Scaling inference throughput when increasing the batch size #450

Open lopuhin opened 1 month ago

lopuhin commented 1 month ago

When scaling the batch size from 1 to a small number, say 8, I'd naively expect the generation performance to scale quite well, as we're still firmly in memory bound regime. But I observe two things which I didn't expect:

I'm curious if anyone is also observing similar behavior, and what is preventing better scaling? In practice to implement inflight batching I have to use multiple caches, so its performance is more relevant to my use-case.

Below are results I obtained:

  1. scaling with batched_inference.py (only generated tokens, but time includes a bit of prefill, I also fixed performance reporting at the end, uncommented warmup and left only 16 prompts):
  1. scaling with multiple_caches.py by varying max_parallel_seqs (looking only at generation without prefill, guarded by torch.cuda.synchronize, I also increased the number of prompts to 16):

Both scripts are here https://gist.github.com/lopuhin/c08fd724aa8ca71f37ecac219dc8a608

Sequences in multiple_caches.py are a bit shorter, but I also checked that scaling of batched_inference.py is the same with much shorter sequences.

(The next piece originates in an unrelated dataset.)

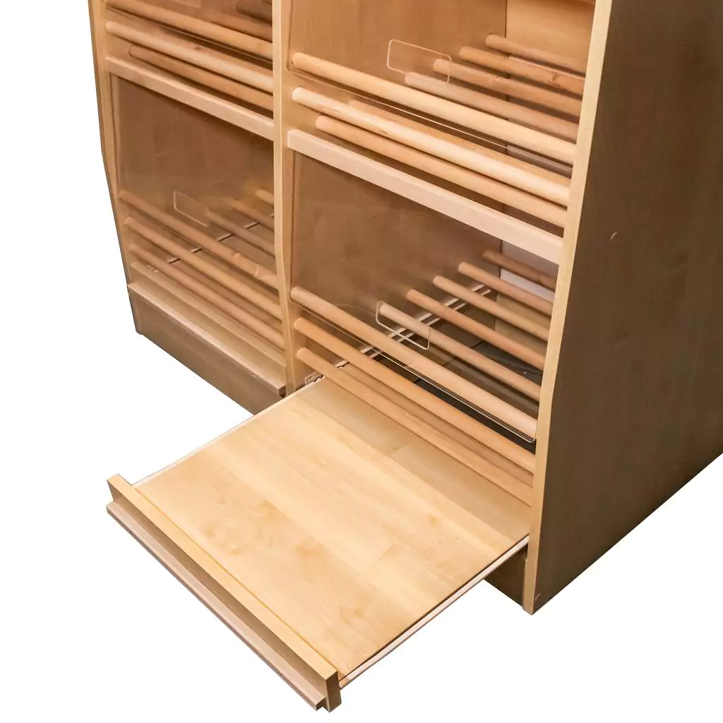 Raftul dispune de 10 rafturi de dimensiuni generoase, care permit o organizare eficientă și accesibilă a produselor. Fiecare raft este realizat din plexiglas, un material rezistent care protejează pâinea și produsele de patiserie, menținându-le proaspete pentru o perioadă mai lungă. Rafturile sunt reglate sub un unghi ușor, pentru a asigura o expunere ideală și un acces rapid pentru clienți, dar și pentru angajați. În plus, blatul retractabil pentru cruste facilitează curățarea rapidă și menținerea unui mediu igienic.

All measurements done on llama3 exl2 4 bit on 2080 ti, CUDA 11.8, latest stable release of exllamav2. I also repeated a few measurements on T4 GPU and getting similar scaling.

P.S. Thanks for a wonderful library!

turboderp commented 1 month ago

Yeah, batching isn't "free" the same way it is with FP16 weights. With FP16 weights you have 4x as much memory access to begin with, and you don't have to spend extra compute to dequantize weights. So quantized kernels, as a rule, are much closer to being compute bound, and as you double the batch size you also double the compute requirement.

The Marlin kernel manages to combine enough low-level optimizations to stay memory-bound up to much higher batch sizes. They've reduced the computation per weight, jumped through a lot of hoops to hide the latency from that computation and also offloaded efficiently to tensor cores to make use of the extra compute they provide. Sadly their kernel is also very inflexible. The optimizations are CUDA specific (no support for ROCm) and Ampere+ only, and it would take a lot of work to adapt them to the permuted, mixed-bitrate, variable group size format of EXL2.

The multiple caches approach attempts to gain some of the benefits of batching while still doing attention on individual sequences. It's not a very efficient way to go about it, but it does have the benefit that you can add or remove batches dynamically.

I'm working on a better solution for dynamic batching with paged attention which shouldn't have this overhead. There may also be improvements to batched performance but I have too many plates spinning to give you a timetable for those.